The show itself does not ever ask that question — not directly. Its glossy surfaces are fully invested in maintaining the perfect bubble of its franchise, because The Bachelor and its massive supporting landscape of media are what create and sustain its fans — it’s Bachelor nation. But the very existence of the supporting tabloid coverage, which usually focuses on either building or dismantling a couple’s Bachelor mythos, constantly undermines the authenticity of the relationships depicted on the show. It pokes holes and casts doubt, and yet the show rolls on season after season, mostly unchanged. So does it matter if the love is real? Probably not.
In perhaps its most modern twist, The Bachelor gets to have both the happy ending inherent to its genre and the inevitably unhappy aftermath. We watch the couple embrace each other joyfully, and then we need only stay tuned for After the Final Rose to watch them sit uncomfortably next to one another on a sofa. If you prefer the modern rom-com that finds love but then shifts to the mundane facts of reality — shows like Jane the Virgin or Catastrophe — you can follow the Instagram accounts of those couples who have actually made it. Their insistence on living normal, everyday lives will remind you that the romantic comedy is always a construct … until their sponsored content posts undermine that revelation yet again.

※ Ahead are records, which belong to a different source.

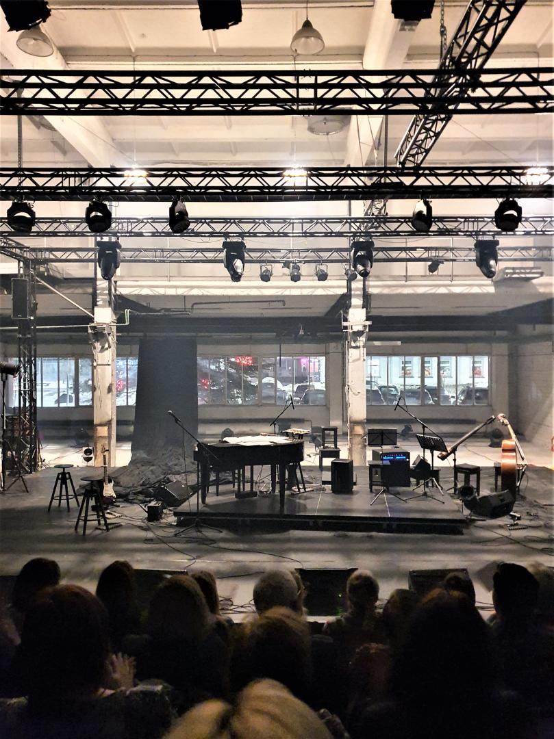 The project is underpinned by a commitment to providing a cultural experience for both artists and audiences. Careful design and resourceful use of existing assets has created an intimate and immersive theatre venue. The theatre hall and ancillary spaces have been designed to ensure that each facet contributes to a rich and immersive experience for all participants. The presence of windows framing view of the town's main street at night provides a unique backdrop.
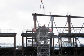 上棟式には、工事関係者約50名が出席し、アリーナの屋根を支える1本目の梁(はり)の設置を記念し、建物が無事に完成することと、完成後のSAGAアリーナの末永い繁栄を祈願して行われました。
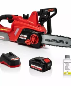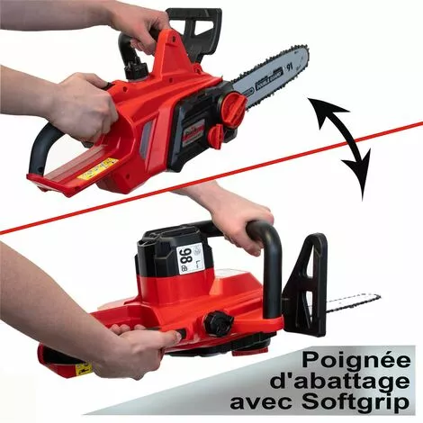 Contenu de la livraison : tronçonneuse à batterie, guide-chaîne, protection du guide-chaîne, 180 ml d’huile de chaîne biologique, batterie, chargeur rapide, mode d’emploi.
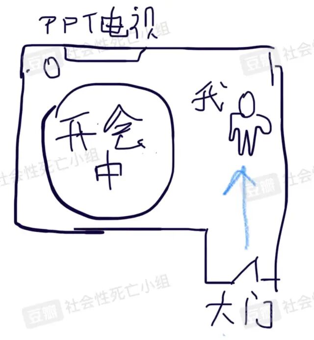 会议室的平面图...你们可以想象我用屁股走了一段路,转头才发现旁边的一群人... 而且他们在放PPT没开灯...我以为房间里只有我那同事,没别人🤦🏻♀️![]()

It’s the combination of all of this — all the messiness, emotion, ambiguous motivation, and fame thirst harnessed within the drumbeat regularity of each season finale — that makes The Bachelor the quintessential rom-com of our time, or at least, the rom-com we deserve. It’s the one that best combines all the modern brand awareness and self-conscious performativity with the old fairy-tale dream. It marries the genre’s tried-and-true structure of matchmaking and resolution with the self-awareness and ambiguity of the modern rom-com. It is a mess. It is pristine. It is true love. And if it’s not, there’s always next season.